## [Activity]
Repeat the data word for word. Do not include the pictures.

## [Data section]
----------------------------------------

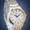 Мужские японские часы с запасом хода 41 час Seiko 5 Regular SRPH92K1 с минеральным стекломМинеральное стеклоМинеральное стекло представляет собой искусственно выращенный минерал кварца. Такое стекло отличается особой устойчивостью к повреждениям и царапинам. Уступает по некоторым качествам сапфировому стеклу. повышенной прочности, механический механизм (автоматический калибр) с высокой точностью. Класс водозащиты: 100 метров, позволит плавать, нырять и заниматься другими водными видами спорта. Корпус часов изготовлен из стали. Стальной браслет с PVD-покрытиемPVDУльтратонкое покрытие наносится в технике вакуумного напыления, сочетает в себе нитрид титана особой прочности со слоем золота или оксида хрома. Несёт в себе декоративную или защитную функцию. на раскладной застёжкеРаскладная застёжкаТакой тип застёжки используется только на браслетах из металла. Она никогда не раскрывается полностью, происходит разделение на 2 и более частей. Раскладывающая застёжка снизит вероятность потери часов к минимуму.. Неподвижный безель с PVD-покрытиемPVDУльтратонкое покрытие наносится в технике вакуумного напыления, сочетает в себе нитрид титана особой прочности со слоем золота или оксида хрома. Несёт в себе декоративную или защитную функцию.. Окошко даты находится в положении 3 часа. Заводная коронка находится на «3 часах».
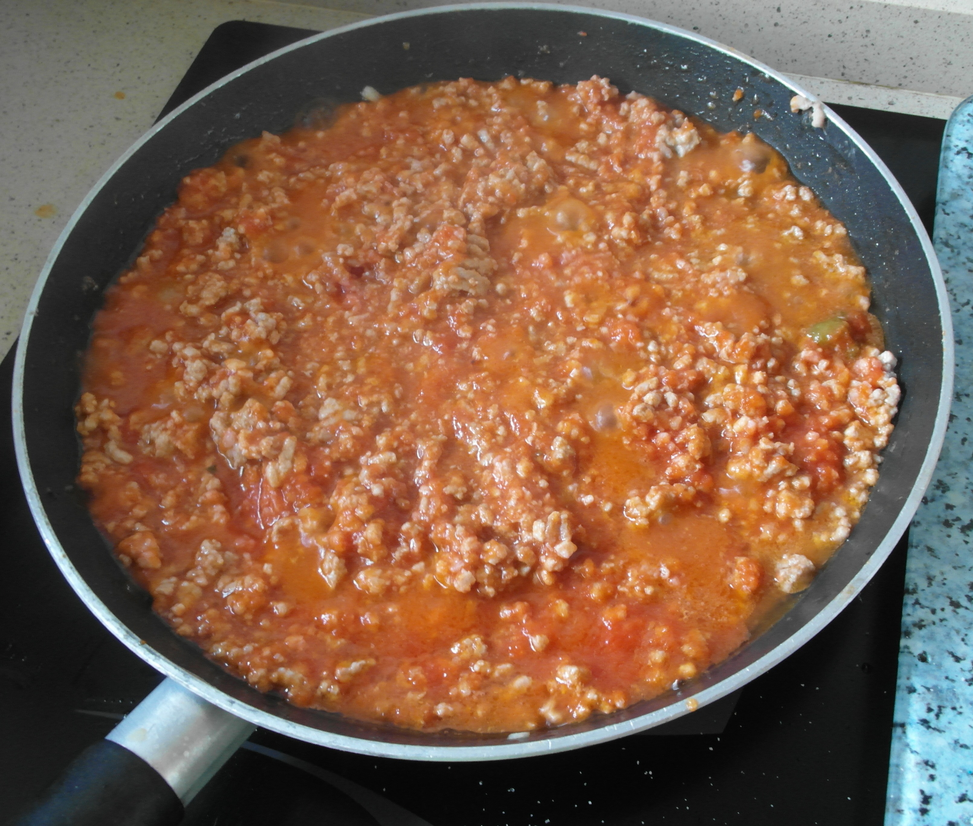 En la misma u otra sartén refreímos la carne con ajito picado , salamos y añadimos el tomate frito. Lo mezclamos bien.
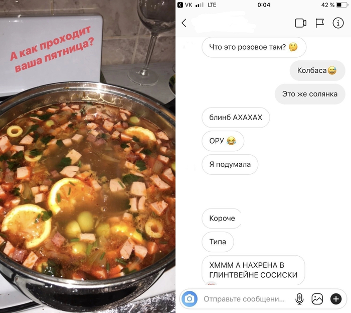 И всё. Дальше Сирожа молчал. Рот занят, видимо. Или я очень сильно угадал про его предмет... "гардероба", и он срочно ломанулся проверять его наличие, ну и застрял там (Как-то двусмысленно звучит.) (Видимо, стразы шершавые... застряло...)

----------------------------------------

## [Final answer]
 Мужские японские часы с запасом хода 41 час Seiko 5 Regular SRPH92K1 с минеральным стекломМинеральное стеклоМинеральное стекло представляет собой искусственно выращенный минерал кварца. Такое стекло отличается особой устойчивостью к повреждениям и царапинам. Уступает по некоторым качествам сапфировому стеклу. повышенной прочности, механический механизм (автоматический калибр) с высокой точностью. Класс водозащиты: 100 метров, позволит плавать, нырять и заниматься другими водными видами спорта. Корпус часов изготовлен из стали. Стальной браслет с PVD-покрытиемPVDУльтратонкое покрытие наносится в технике вакуумного напыления, сочетает в себе нитрид титана особой прочности со слоем золота или оксида хрома. Несёт в себе декоративную или защитную функцию. на раскладной застёжкеРаскладная застёжкаТакой тип застёжки используется только на браслетах из металла. Она никогда не раскрывается полностью, происходит разделение на 2 и более частей. Раскладывающая застёжка снизит вероятность потери часов к минимуму.. Неподвижный безель с PVD-покрытиемPVDУльтратонкое покрытие наносится в технике вакуумного напыления, сочетает в себе нитрид титана особой прочности со слоем золота или оксида хрома. Несёт в себе декоративную или защитную функцию.. Окошко даты находится в положении 3 часа. Заводная коронка находится на «3 часах».
 En la misma u otra sartén refreímos la carne con ajito picado , salamos y añadimos el tomate frito. Lo mezclamos bien.
 И всё. Дальше Сирожа молчал. Рот занят, видимо. Или я очень сильно угадал про его предмет... "гардероба", и он срочно ломанулся проверять его наличие, ну и застрял там (Как-то двусмысленно звучит.) (Видимо, стразы шершавые... застряло...)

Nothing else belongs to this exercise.